Asked by JEN
Two radar stations at A and B, with B 6 km east of A, are tracking a ship which is generally to the north. At a certain instant, the ship is 5 km from A and this distance is increasing at the rate of 28 km/h. At the same instant, the ship is also 5 km from B, but this distance is increasing at only 4 km/h.

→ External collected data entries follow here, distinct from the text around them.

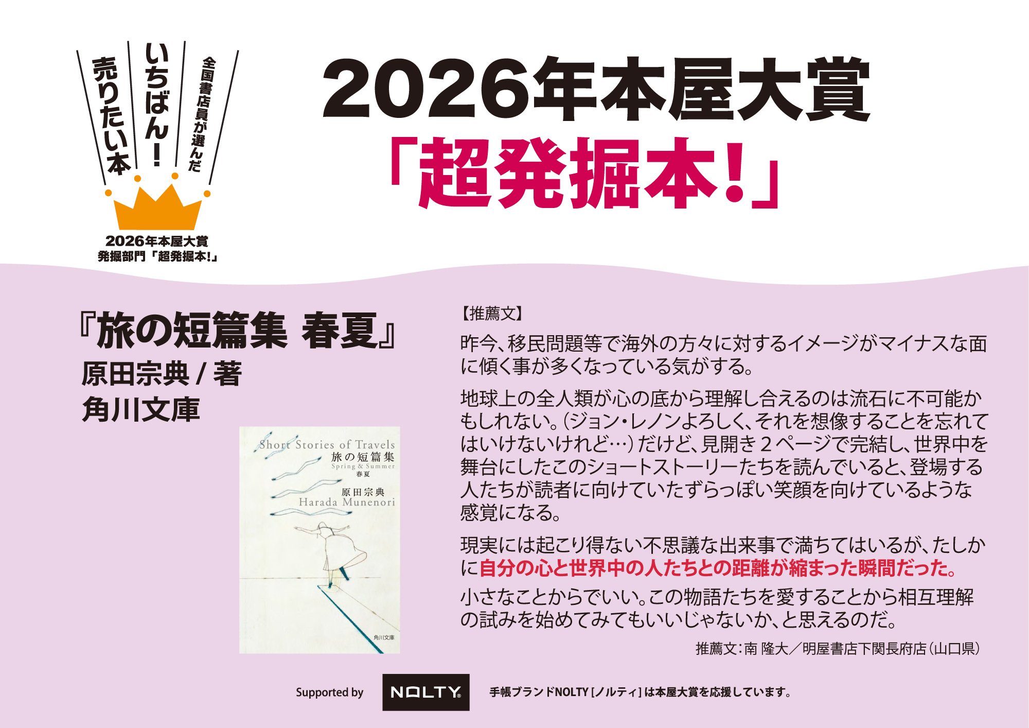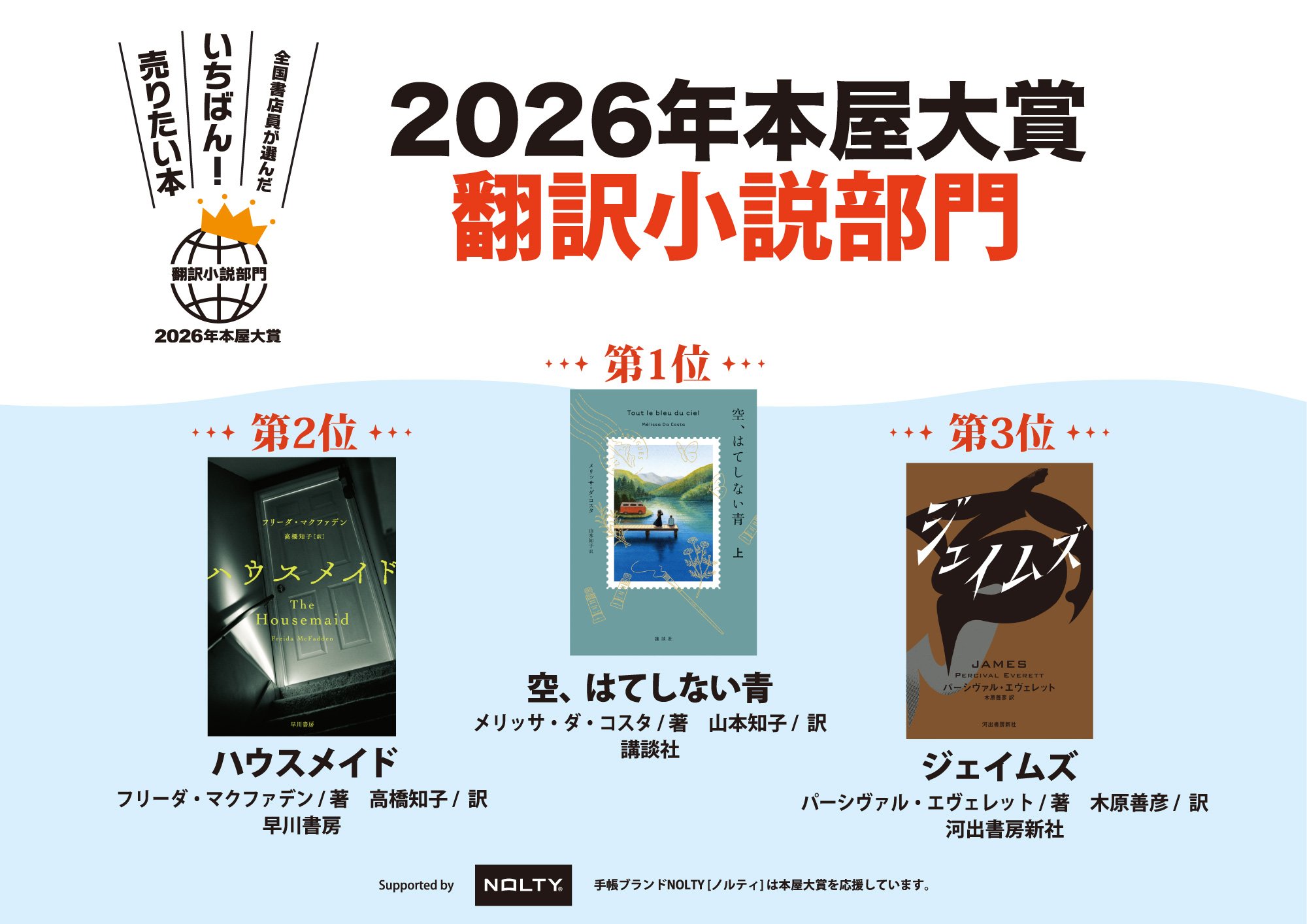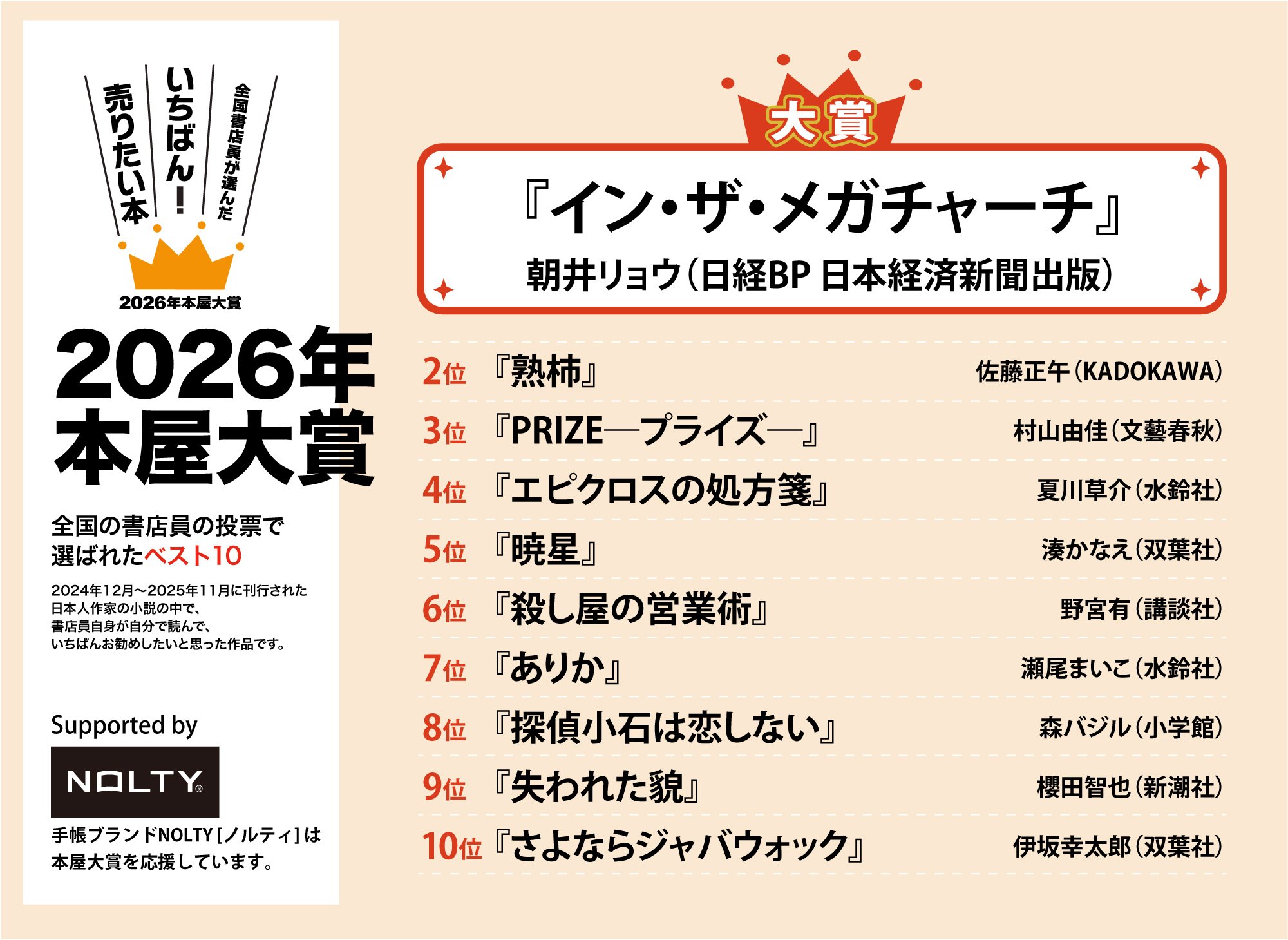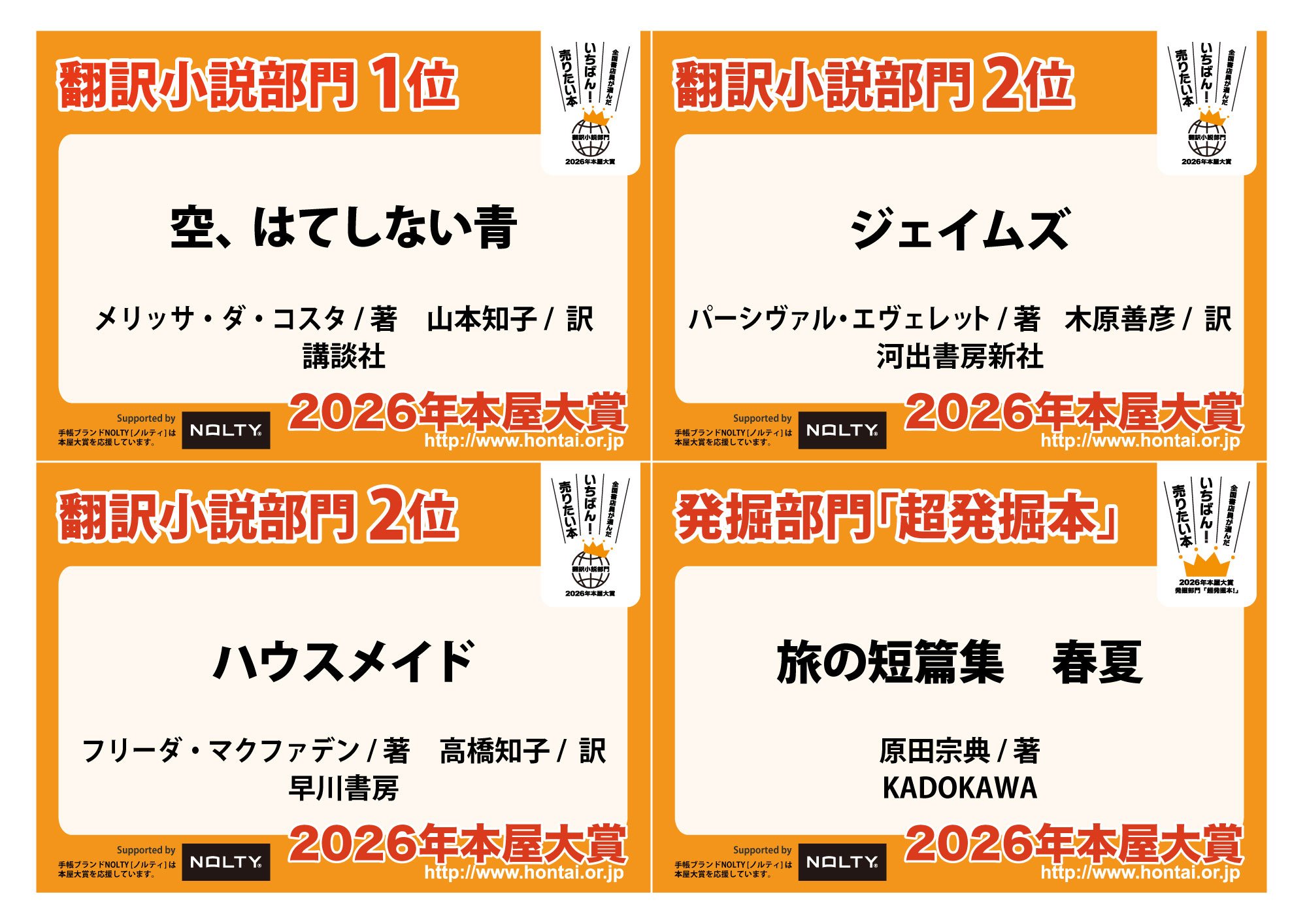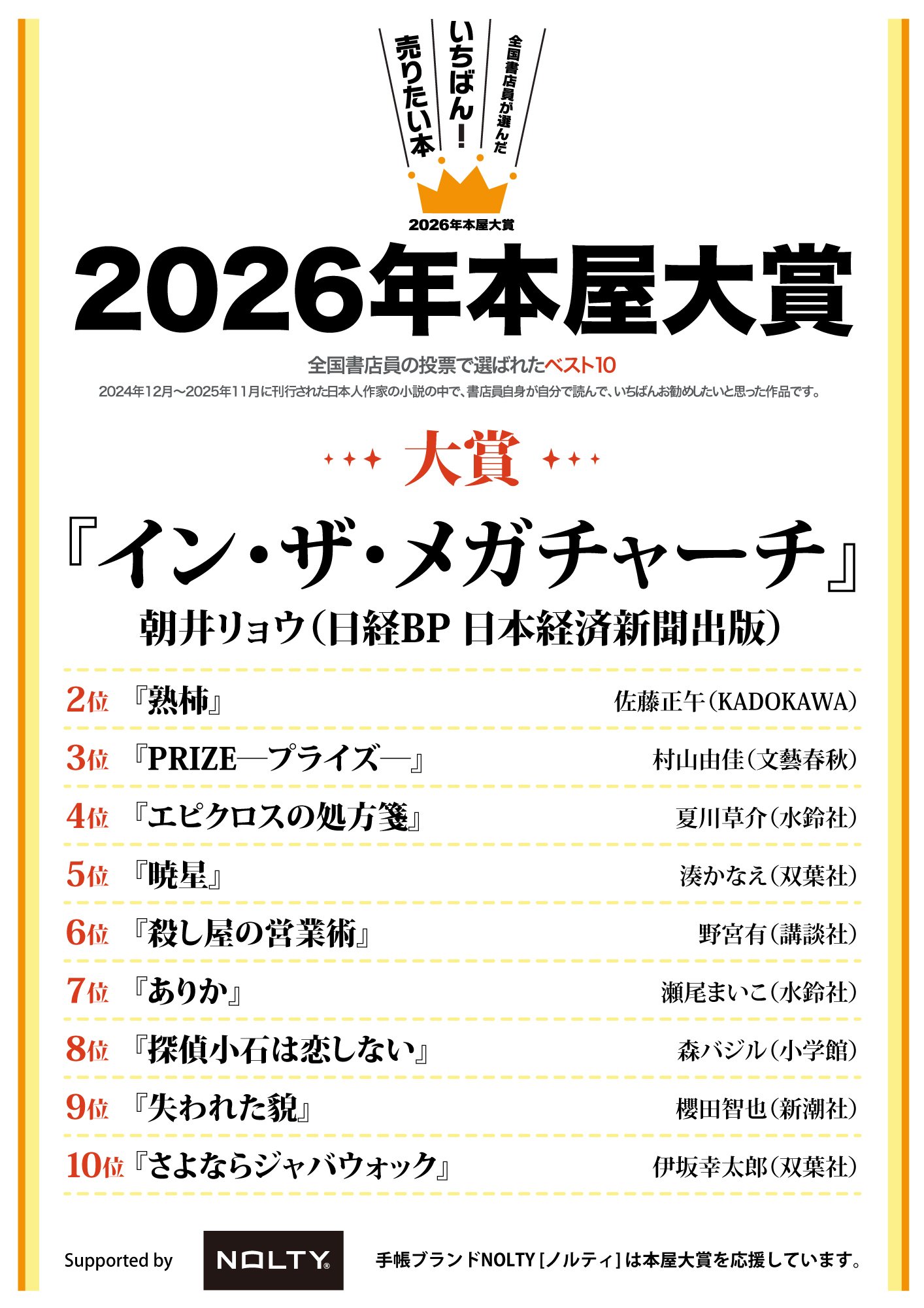ノミネート全10作発表の書店店頭フェア用グッズを作りました。PDF、JPGファイルとなっていますので、プリントアウトしてそのまま貼ったり、用紙サイズを拡大して大きな看板にしたり、お好みに合わせてご利用ください。
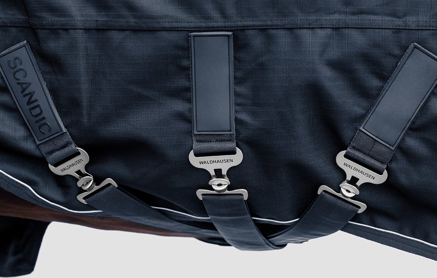 La coupe est soigneusement étudiée : la fermeture frontale pratique en V garantit un maintien sûr et, associée aux trois sursangles ventrales, empêche efficacement la couverture de glisser. Une grande fente d’aisance assure en permanence une liberté de mouvement optimale. Pour encore plus de flexibilité en hiver, la couverture est dotée de boucles de fixation permettant d’ajouter à tout moment un couvre-cou disponible séparément. Elle est également équipée d’un rabat de queue extra-large, tandis que le liseré réfléchissant assure une excellente visibilité au crépuscule.
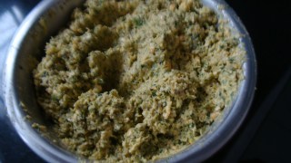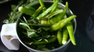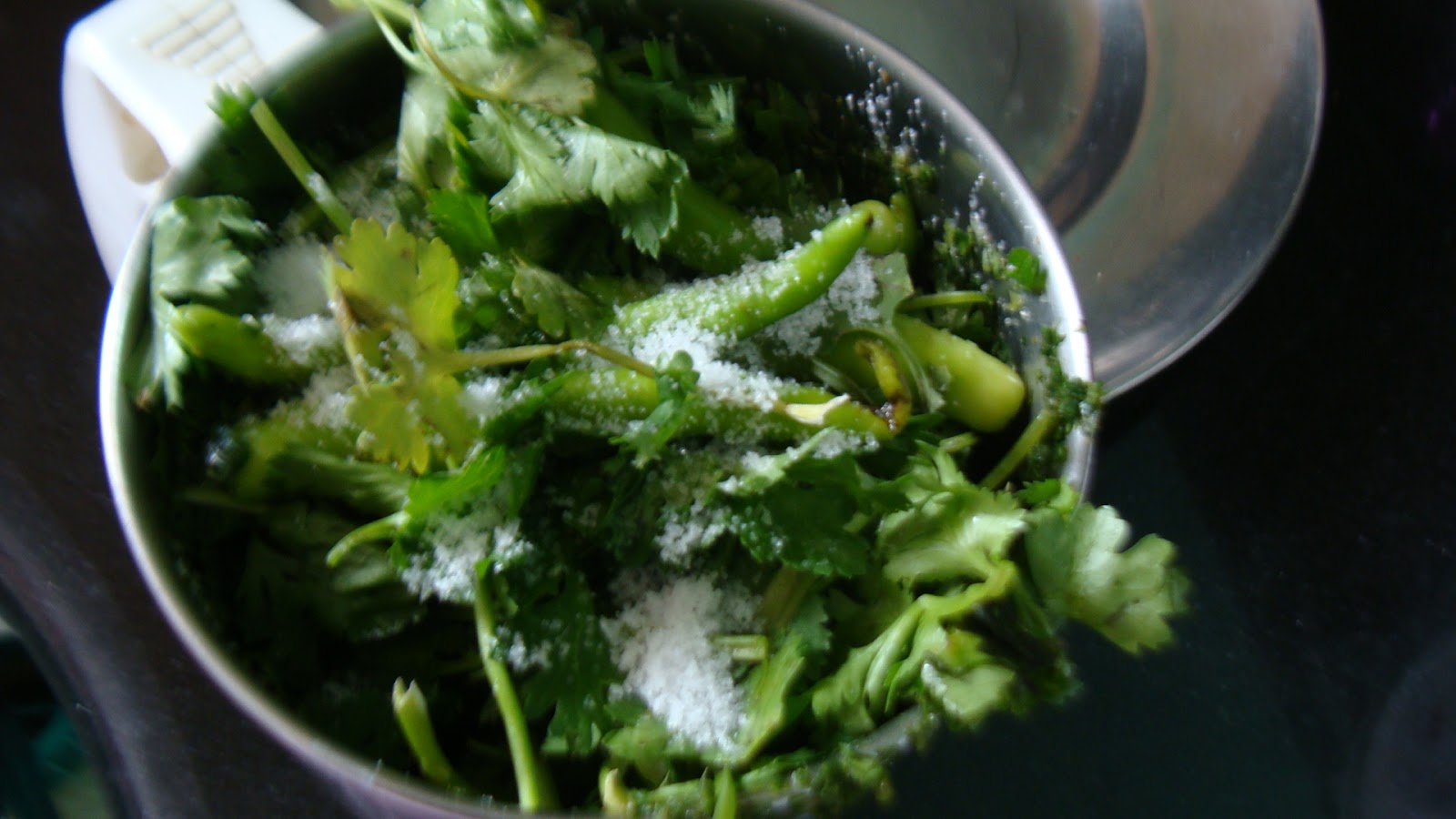 1.Grind the curry leaves, green chili and the Cilantro to a coarse paste
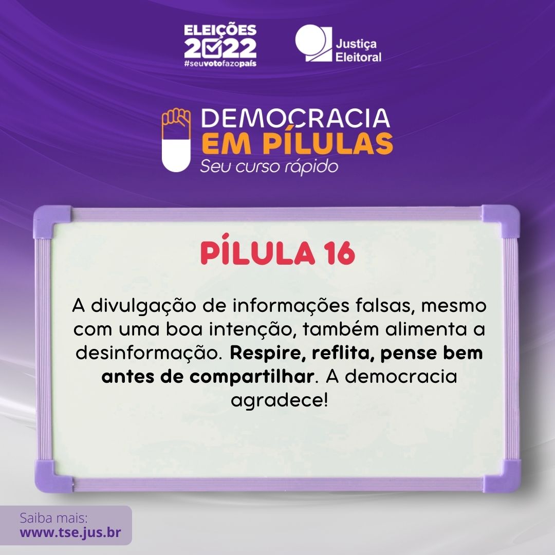 Esse é o 16º texto da série #DemocraciaEmPílulas, que publica durante todos os dias deste mês de junho mensagens curtas nas redes sociais para reforçar a importância do combate à desinformação no processo eleitoral.
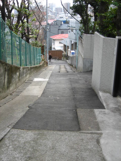 江戸時代、鳥羽藩主稲垣摂津守の下屋敷と、其の西にあった岩槻藩主大岡主膳正の下屋敷の境の野良道を、宝暦11(1761)年に新道として開いた。その道がその坂である。
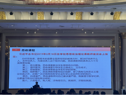 陈教授首先介绍思想政治课,即思政课程,承担着对全体在校学生开展系统的马克思主义理论教育的重要任务。2016年12月,习近平总书记在全国高校思想政治工作会议上的重要讲话中指出:“要用好课堂教学这个主渠道,思想政治理论课要坚持在改进中加强,提升思想政治教育亲和力和针对性,满足学生成长发展需求和期待”。习近平总书记2019年3月18日在学校思想政治理论课教师座谈会上指出:办好思政课,最根本的是要全面贯彻党的教育方针,解决好培养什么人、怎样培养人、为谁培养人这个根本问题。
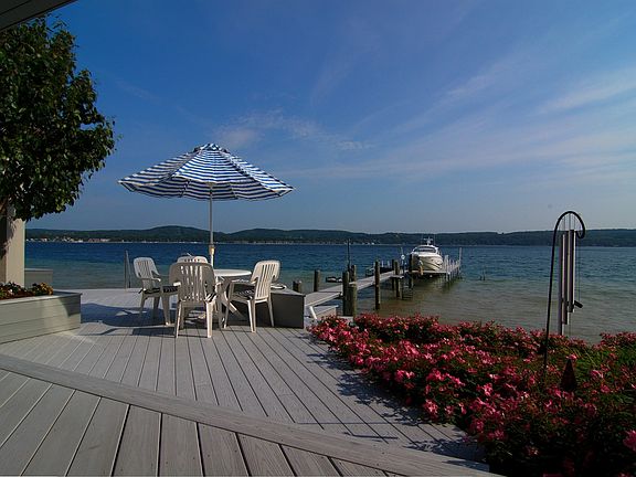 This Lake Charlevoix contemporary exemplifies the Northern Michigan Lifestyle: Soaring windows overlooking the lake, gourmet kitchen,great entertaining indoors & out, wet bar, 3 fireplaces, wine cellar, 5 bedrooms, 3.5 baths, expansive vinyl decking & an outdoor kitchen/grilling. Enjoy a midnight rendezvous at the waterside hot tub or sun bathe on your private deck off the master bedroom. Treat yourself to a spa day in the master suite. Finishing off this package is a deep water dock for a 50 foot vessel.

Where is the ship, how fast is it moving, and in what direction is it moving?
Answers
Answered by
Steve
Well, since the ship is equidistant from A and B, it lies on the perpendicular bisector of AB, so if A is at (0,0) and B is at (6,0), the ship is at (3,4).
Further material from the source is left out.